1 minute read
Membaca Menekurkan Kesadaran
Membaca Menelurkan Kesadaran
Rynaldi Fajar Septrianto
Advertisement
Membaca dapat membawa seseorang menjadi seperti yang dibacanya. Membaca melahirkan realitas yang dapat melawan, bahkan dapat menggugurkan pikiran. Karena buku yang menjadi bacaannya akan mengkehendaki fantasi menjadi sebuah kebenaran. Bukan realitas yang memaksa seseorang bertindak. Orang yang rajin membaca, sampai apa yang dibacanya menjadi kenyataan bagi dirinya sendiri. Miquel de Cervantes menuliskan orang yang gila baca melalui jelmaan Don Quixote. Kisah Don Quixote merupakan imaji gila yang menyatakan kritik terhadap kenyataan. Dengan gila membaca ia menjadi layaknya kesatria yang sedang berper- ang lantaran membaca kisah peperangan. Dengan demikian, petualangan Don Quixote menjadi kesatria dari daerah de la Mancha. Tak ayal kisah Don Quixote banyak dikembangkan dalam sastra klasik Eropa yang menjadi sumber inspirasi lantaran Don Quixote mampu mengenyahkan keterbatasan diri karena ia membaca. Namun, Cervantes membangkitkan utopia dari nilai pembelaan orang yang kuat terhadap orang yang lemah. Seperti pada kisah Don Quixote sebagai orang aristokrat yang mencintai Dulcina del Toboso yang berasal dari kalangan pariah. Pembelaan terhadap nilai-nilai egaliter telah tertanam bahwa kecintaan Don Quixote kepada Dulcina merupakan bentuk penghargaan, bukan untuk merendahkan dirinya sendiri, tetapi mengangkat derajat Dulcina mempunyai kedudukan setara.

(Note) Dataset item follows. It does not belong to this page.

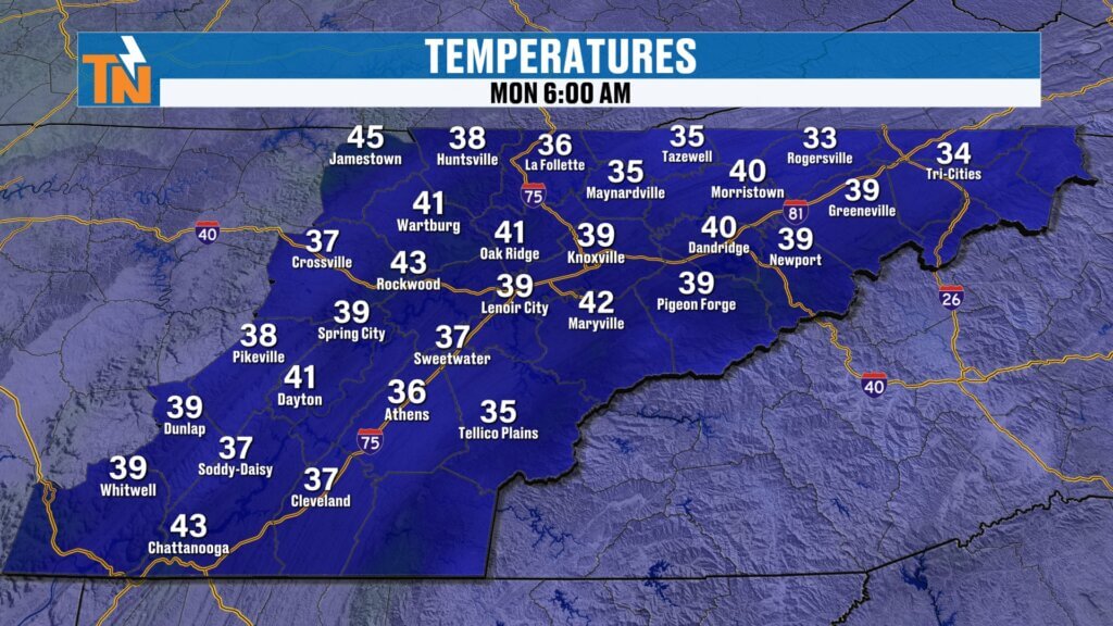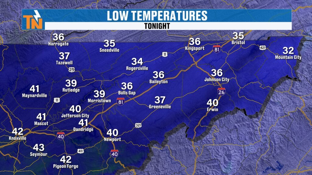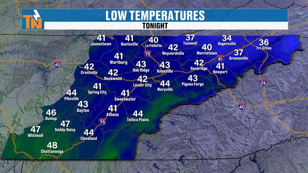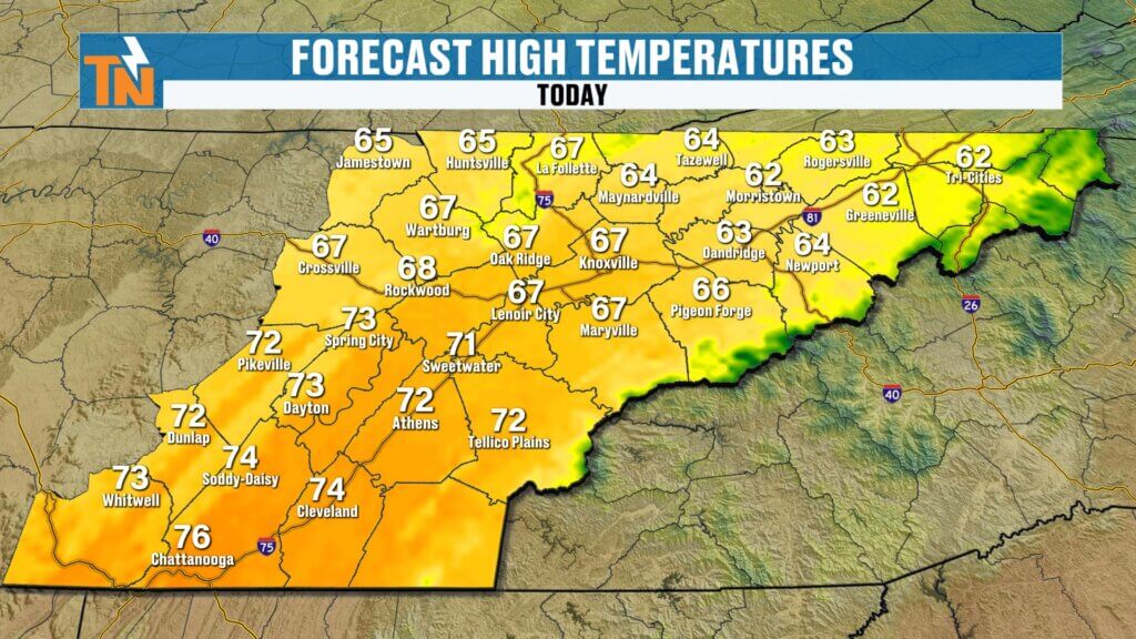 - Cooler north, warmer south (low 60s Kingsport area vs mid 70s Chattanooga)

Sekarang dapat kita perdebatkan mengenai kebenaran. Adakah kebenaran yang didapat dari kisah fiksi gubahan Cervantes ini. Dostoyevsky mengatakan bahwa kebenaran diselamatkan oleh kebohongan. Kebohongan inilah yang diselamatkan dari kisah Don Quixote terdapat nilai-nilai yang tak sepenuhnya konyol. Justru tindakan yang tak seyogyanya konyol itu melahirkan pemikiran mengenai cinta dan keadilan yang tak membeda-bedakan. Kadang kala ada kebohongan yang menyelamatkan kebenaran. Bisa saja kisah yang Cervantes tulis itu bohong. Namun, kebohongannya tak terungkat nilai kebenaran dan keadilan. Sekilas, membaca dari siapapun pengarangnya kita mendapati kesembatan untuk mengembangkan kreativitas di luar diri kita. Membaca melahirkan kesadaran berdasarkan proses yang kreatif. Dengan demikian, kita dapat memperdalam bahkan mengonfrontasikan berdasarkan pengalaman serta perasaan. Membaca juga tak hanya sekadar mengumpulkan teks untuk dicerna ke dalam diri pembaca. Sindhunata pernah berujar bahwa membaca adalah sebuah pergulatan yang berat. Pembaca harus dibekali dengan pengalaman, sejarah hidupnya, perasaan, serta keputusannya.